DATA SEGMENT:
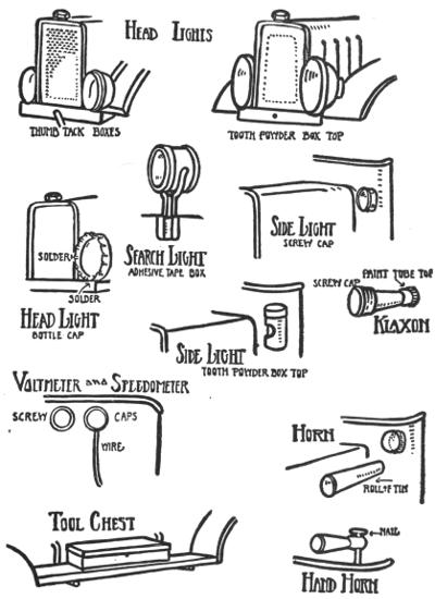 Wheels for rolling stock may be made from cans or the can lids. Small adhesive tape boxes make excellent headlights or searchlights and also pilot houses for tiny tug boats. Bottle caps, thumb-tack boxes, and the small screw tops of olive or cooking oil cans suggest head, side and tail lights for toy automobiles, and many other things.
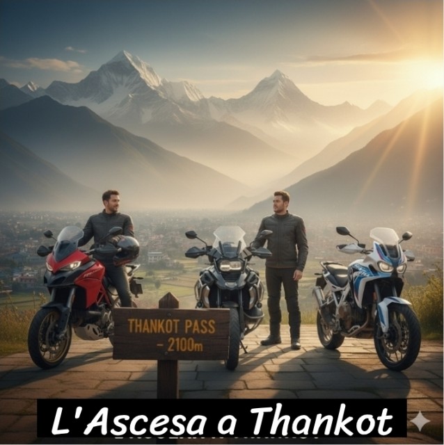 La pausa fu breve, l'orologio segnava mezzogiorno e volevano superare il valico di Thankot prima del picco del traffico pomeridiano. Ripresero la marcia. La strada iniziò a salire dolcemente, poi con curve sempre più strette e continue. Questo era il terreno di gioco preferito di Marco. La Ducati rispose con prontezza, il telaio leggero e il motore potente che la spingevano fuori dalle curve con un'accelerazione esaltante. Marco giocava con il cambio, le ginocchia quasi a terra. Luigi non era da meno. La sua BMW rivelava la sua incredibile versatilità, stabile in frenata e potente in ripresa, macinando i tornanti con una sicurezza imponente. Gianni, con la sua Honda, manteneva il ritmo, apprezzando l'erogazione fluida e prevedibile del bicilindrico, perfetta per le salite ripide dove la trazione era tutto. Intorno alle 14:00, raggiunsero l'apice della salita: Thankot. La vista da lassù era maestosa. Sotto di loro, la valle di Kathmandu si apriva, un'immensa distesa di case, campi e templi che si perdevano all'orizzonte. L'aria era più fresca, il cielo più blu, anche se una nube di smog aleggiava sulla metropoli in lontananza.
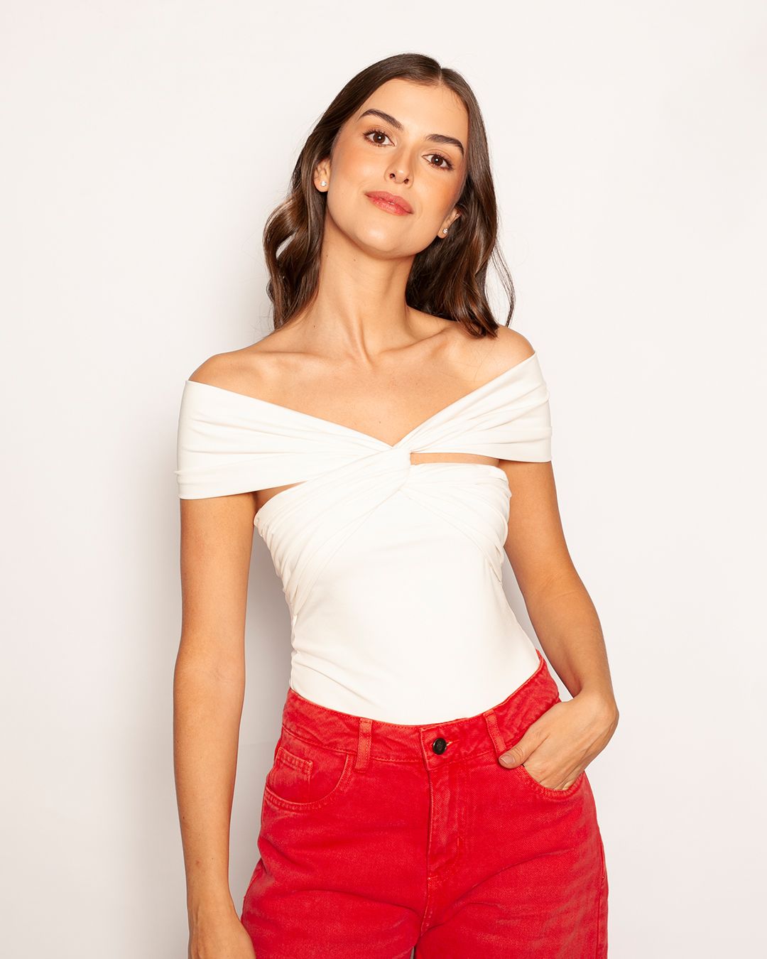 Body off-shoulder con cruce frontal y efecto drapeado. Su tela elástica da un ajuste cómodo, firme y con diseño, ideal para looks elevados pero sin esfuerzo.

THE TASK:
Write out the whole listing exactly, with no pictures.

OUTPUT FOR THIS TASK:
 Wheels for rolling stock may be made from cans or the can lids. Small adhesive tape boxes make excellent headlights or searchlights and also pilot houses for tiny tug boats. Bottle caps, thumb-tack boxes, and the small screw tops of olive or cooking oil cans suggest head, side and tail lights for toy automobiles, and many other things.
 La pausa fu breve, l'orologio segnava mezzogiorno e volevano superare il valico di Thankot prima del picco del traffico pomeridiano. Ripresero la marcia. La strada iniziò a salire dolcemente, poi con curve sempre più strette e continue. Questo era il terreno di gioco preferito di Marco. La Ducati rispose con prontezza, il telaio leggero e il motore potente che la spingevano fuori dalle curve con un'accelerazione esaltante. Marco giocava con il cambio, le ginocchia quasi a terra. Luigi non era da meno. La sua BMW rivelava la sua incredibile versatilità, stabile in frenata e potente in ripresa, macinando i tornanti con una sicurezza imponente. Gianni, con la sua Honda, manteneva il ritmo, apprezzando l'erogazione fluida e prevedibile del bicilindrico, perfetta per le salite ripide dove la trazione era tutto. Intorno alle 14:00, raggiunsero l'apice della salita: Thankot. La vista da lassù era maestosa. Sotto di loro, la valle di Kathmandu si apriva, un'immensa distesa di case, campi e templi che si perdevano all'orizzonte. L'aria era più fresca, il cielo più blu, anche se una nube di smog aleggiava sulla metropoli in lontananza.
 Body off-shoulder con cruce frontal y efecto drapeado. Su tela elástica da un ajuste cómodo, firme y con diseño, ideal para looks elevados pero sin esfuerzo.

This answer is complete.